Gold hit record highs near $1,200 an ounce on Tuesday as dollar weakness fueled buying of the metal as an alternative asset, while investors speculating on further gains were cheered by its recovery from Friday's lows.
Spot gold hit a peak of $1,198.70 an ounce and was bid at $1,194.90 an ounce at 5:21 a.m. EST, against $1,179.10 late in New York on Monday.
"The fact that we are seeing the dollar weaken is helping to drive gold," said Ole Hansen, senior manager at Saxo Bank.
He said investors had been cheered by the strength of gold's recovery after it fell to below $1,140 an ounce last week, with the fall being met with strong fund buying.
"Everyone was waiting for that correction, and the way gold recovered suggested there was a lot of buying lurking in the wings (among) people who missed the opportunity to get into the market in the first place," said Hansen.
U.S. gold futures for February delivery on the COMEX division of the New York Mercantile Exchange also hit a record $1,200.50 an ounce and were later up $13.70 at $1,196 an ounce.
The dollar index .DXY, which tracks the U.S. currency's performance against a basket of six others, fell on Tuesday as more clarity about Dubai's debt situation eased some concerns over the region's stability, lifting risk appetite.
The dollar also pared gains against the yen after comments from the Bank of Japan on monetary policy.
Weakness in the U.S. unit boosts gold's appeal as an alternative asset and makes dollar-priced commodities cheaper for holders of other currencies.
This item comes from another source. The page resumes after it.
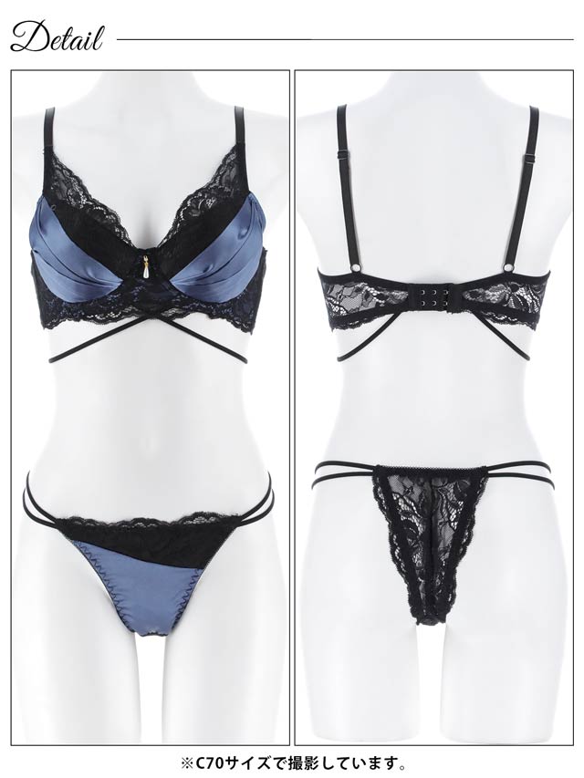 12/15新作!【EFサイズ】グロッシーサテンレース育乳脇高ブラジャー&バック透けTバックショーツ[大人気]

Other commodity prices also firmed on the back of the weaker dollar, with base metals firming and oil rising more than half a percent to nearly $78 a barrel.
Gold tends to track crude prices, as the metal can be bought as a hedge against oil-led inflation.
In the physical market, the world's largest gold-backed exchange-traded fund, the SPDR Gold Trust, said its holdings rose 2.134 tonnes to 1,129.994 tonnes as of November 30.
Indian gold offtake abated on Tuesday as prices resumed their upward trend, after a modest pick-up in the last few sessions when traders stocked up in anticipation of wedding demand.
Jewelers in India, the world's largest gold consumer, returned to the physical market after bullion fell from a record on Friday. Sales of scrap persisted in other parts of Asia on Tuesday, cutting premiums, dealers said.
Analysts say they expect the gold market to continue taking support from fund and other investment demand, and further buying from central banks.
News in early November that the Reserve Bank of India had bought 200 tonnes of gold, closely followed by acquisitions by Russia, Sri Lanka and Mauritius, sparked a 13 percent price rise that month.
"We expect to see further announcements of Central Bank gold purchases over the coming months as these banks realign their U.S. dollar and other asset holdings," said Fairfax analyst John Meyer in a note.
On the supply side, Harmony Gold Mining Co., the world's No. 5 producer of the metal, said output was suspended on Tuesday at its Merriespruit 3 shaft in South Africa after a mineworker was killed the day before.
Among other precious metals, spot silver was bid at $18.70 an ounce against $18.45.
Platinum was at $1,468 an ounce against $1,452, while palladium was at $378 against $363.50, having earlier touched a high of $379 an ounce, its firmest since August 2008.